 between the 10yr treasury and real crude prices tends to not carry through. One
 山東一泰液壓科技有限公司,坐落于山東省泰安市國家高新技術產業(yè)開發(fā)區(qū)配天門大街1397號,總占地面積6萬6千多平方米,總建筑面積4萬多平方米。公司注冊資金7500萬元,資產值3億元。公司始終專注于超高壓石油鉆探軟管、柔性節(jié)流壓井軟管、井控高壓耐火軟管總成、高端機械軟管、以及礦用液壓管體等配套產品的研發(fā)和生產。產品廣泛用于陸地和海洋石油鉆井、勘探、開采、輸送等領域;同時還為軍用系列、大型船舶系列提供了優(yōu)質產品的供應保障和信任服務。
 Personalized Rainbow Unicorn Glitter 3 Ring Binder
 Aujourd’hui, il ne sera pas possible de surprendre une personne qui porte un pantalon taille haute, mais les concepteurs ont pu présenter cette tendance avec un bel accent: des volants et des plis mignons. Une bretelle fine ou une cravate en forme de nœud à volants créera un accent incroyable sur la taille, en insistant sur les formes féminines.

---

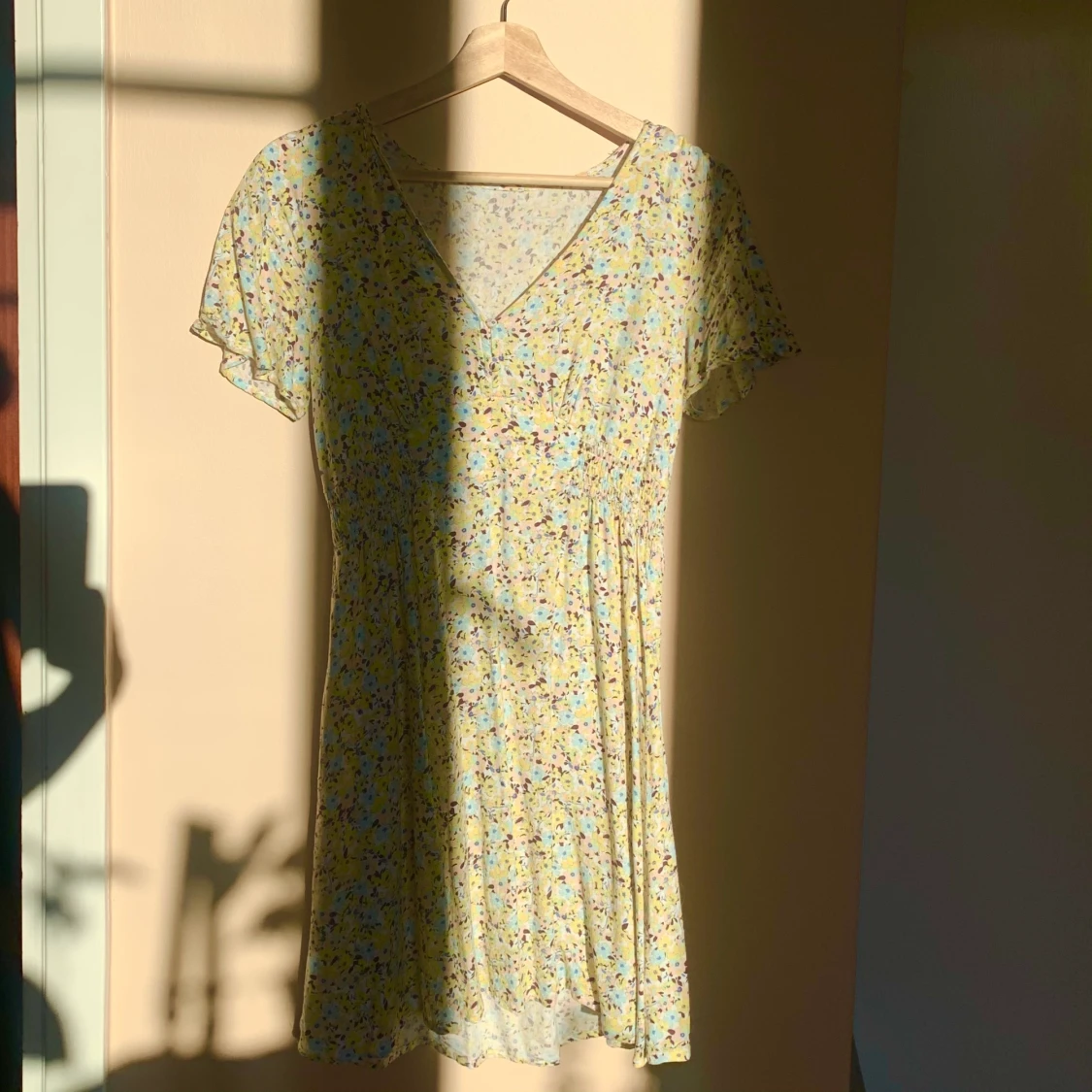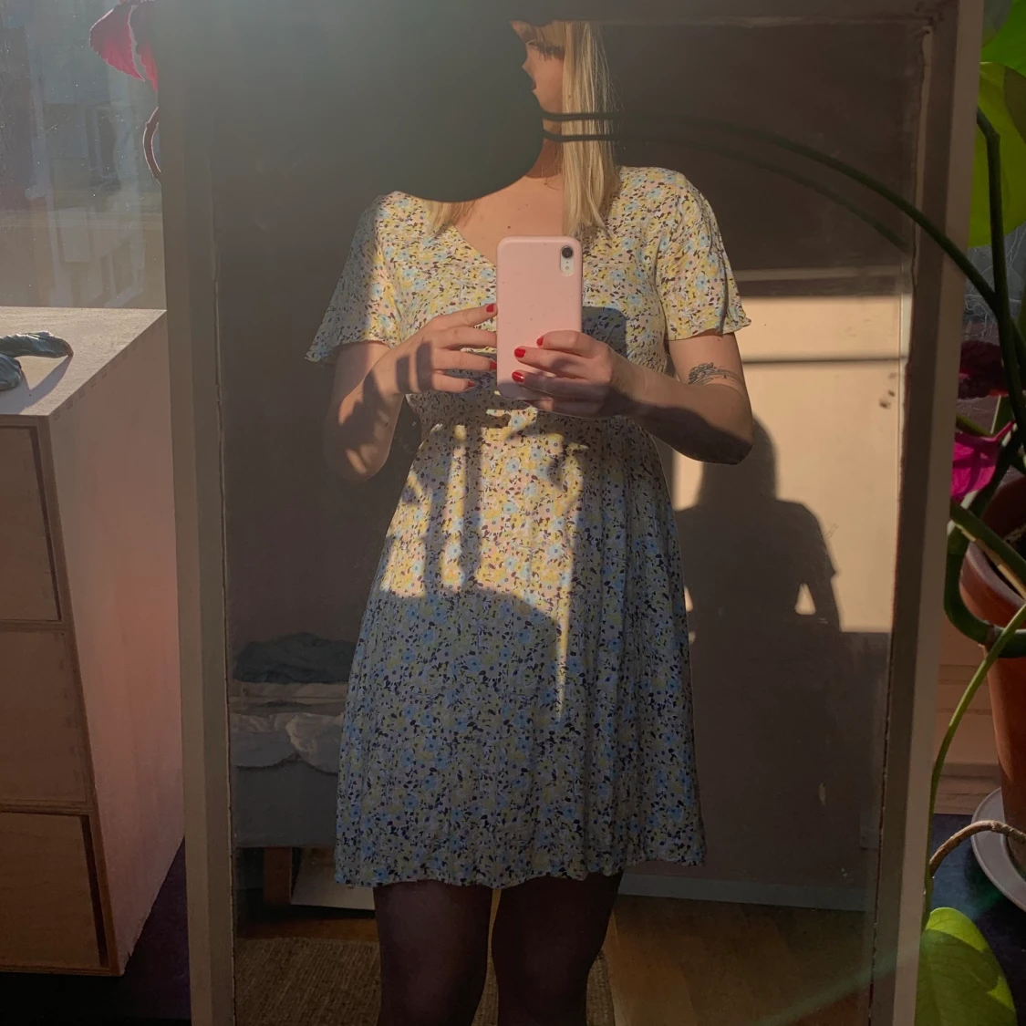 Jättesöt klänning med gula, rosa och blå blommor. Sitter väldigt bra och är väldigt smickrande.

---

▸ **EXERCISE DETAILS**:
What is needed is a verbatim copy of every line in the records above from the one containing "between the 10yr" down to the one containing "Personalized Rainbow Unicorn", both included, and nothing more.

▸ **OUTPUT BELOW**:
 between the 10yr treasury and real crude prices tends to not carry through. One
 山東一泰液壓科技有限公司,坐落于山東省泰安市國家高新技術產業(yè)開發(fā)區(qū)配天門大街1397號,總占地面積6萬6千多平方米,總建筑面積4萬多平方米。公司注冊資金7500萬元,資產值3億元。公司始終專注于超高壓石油鉆探軟管、柔性節(jié)流壓井軟管、井控高壓耐火軟管總成、高端機械軟管、以及礦用液壓管體等配套產品的研發(fā)和生產。產品廣泛用于陸地和海洋石油鉆井、勘探、開采、輸送等領域;同時還為軍用系列、大型船舶系列提供了優(yōu)質產品的供應保障和信任服務。
 Personalized Rainbow Unicorn Glitter 3 Ring Binder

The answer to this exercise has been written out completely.